Frans Ludeke
- Born: Frans Ludeke 24 April 1968 (age 58) Polokwane, South Africa
- Occupation: Rugby Coach

Rugby union career
- Position: Head Coach
- Current team: Kubota Spears Funabashi Tokyo Bay

Senior career
- Years: Team / Apps / (Points)
- 1991: Transvaal / 15 / (0)

Coaching career
- Years: Team
- 1999–2000: SWD Eagles
- 2000: South Africa (Asst.)
- 2002: Cats
- 2001–2006: Golden Lions
- 2006: Cats
- 2008–2015: Blue Bulls
- 2008–2015: Bulls
- 2015: Fiji
- 2016–present: Kubota Spears

= Frans Ludeke =

Frans Ludeke (born 24 April 1968) is a South African rugby union coach, currently the head coach of Japanese Top League side Kubota Spears. having previously coached the and the in Super Rugby. Ludeke, who coached the Bulls between 2008 and 2015, coached the side to two Super Rugby titles, in 2009 and 2010. He additionally coached the Blue Bulls and the Golden Lions in the South African Currie Cup competition.

Ludeke is the most experienced coach in Super Rugby, having coached 149 matches, 125 for the Bulls and 24 for the Cats, in his 9-year career in the competition.

Ludeke has over 30 years of experience in coaching, having started in 1987 coaching Hoërskool Vorentoe before a brief stint coaching English clubs. In 1997 he coached the RAU Under-21 team as well as the Transvaal Under-19s with Jake White. In 1998 he was appointed coach of the RAU first team and in 1999 he became head coach of SWD Eagles. In 2000 he became assistant coach to Heyneke Meyer with the Bulls for the 2000 Super 12 season, and joined Harry Viljoen for the Springboks tour to Argentina and Europe. In 2001 he was named South Africa Under-19 coach, before being named Golden Lions head coach. He became the Cats head coach in 2001 ahead of the 2002 Super 12 season, but was sacked following a very poor season, seeing the Cats finish second to last with just 1 win. He returned to the Cats in 2006, but in a repeat of 2003, Ludeke was sacked just 1 season into his contract. It also saw his Golden Lions contract terminated with immediate effect. In November 2007, Ludeke returned to the coaching fold, being named head coach of the Bulls for the 2008 Super 14 season. It saw Ludeke remain at the helm for 8 years, which included a re-sign of his contract in 2013. However, with 1 year still on his contract, Ludeke stepped down as Bulls head coach in 2015.
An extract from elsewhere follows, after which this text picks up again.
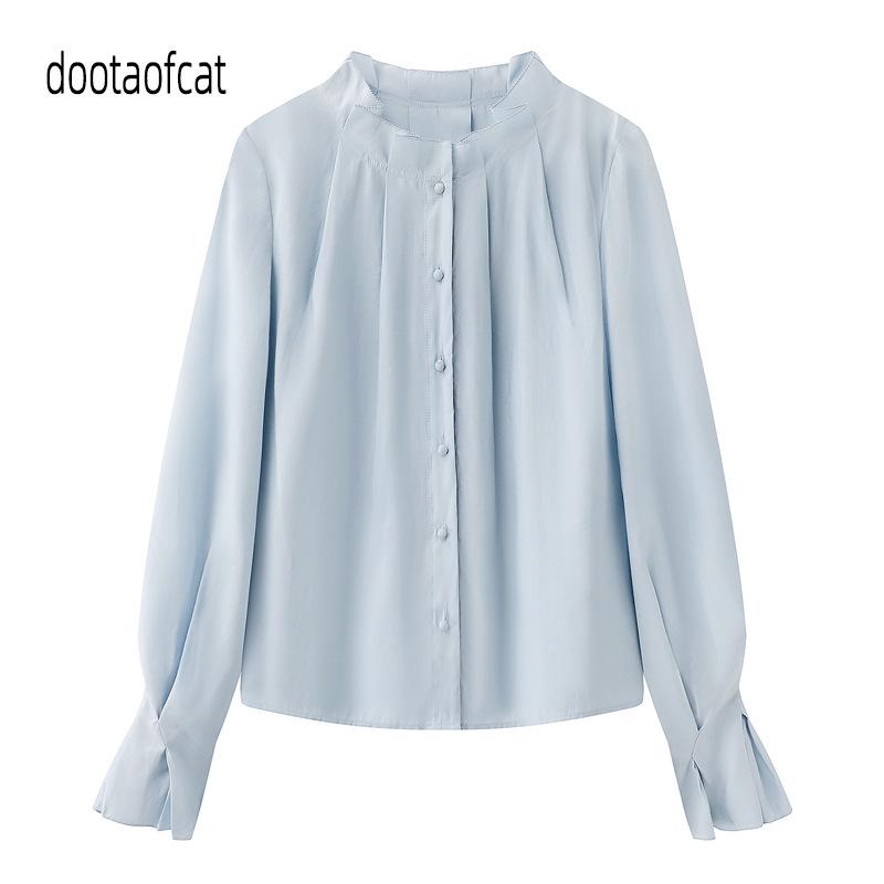 Elevate your office wardrobe with this elegant Spring Women's Light Office Blouse, crafted from breathable cotton. Featuring a chic French stand collar and regular shoulder design, this blouse offers a sophisticated silhouette. The long sleeves are perfect for transitioning between seasons, while the delicate embroidery adds a touch of femininity. Ideal for a polished yet comfortable office look, this blouse seamlessly combines style and practicality.

In July 2015, it was announced Ludeke would join the Fiji national team coaching set-up ahead of the 2015 Rugby World Cup, working with the forwards, lineouts, and kickoffs.
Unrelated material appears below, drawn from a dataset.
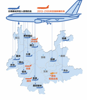 “到2015年,将新建民用机场4个,云南民用机场运营和在建总数达16个。”云南省人民政府出台的《关于进一步加快民用机场建设的实施意见》(下简称《意见》)称,两年后,昆明长水国际机场将培育成面向东南亚、南亚和连接欧亚非的国家门户枢纽机场。

After his time with the Fiji national team, in 2016 Ludeke became the new head coach for the Kubota Spears Funabashi Tokyo Bay, a Japan Rugby League One team. He has continued his role as the head coach to the present day. In the 2022-2023 season, Ludeke lead the Kubota Spears to their first ever club championship victory in a 17-15 win against the Saitama Wild Nights.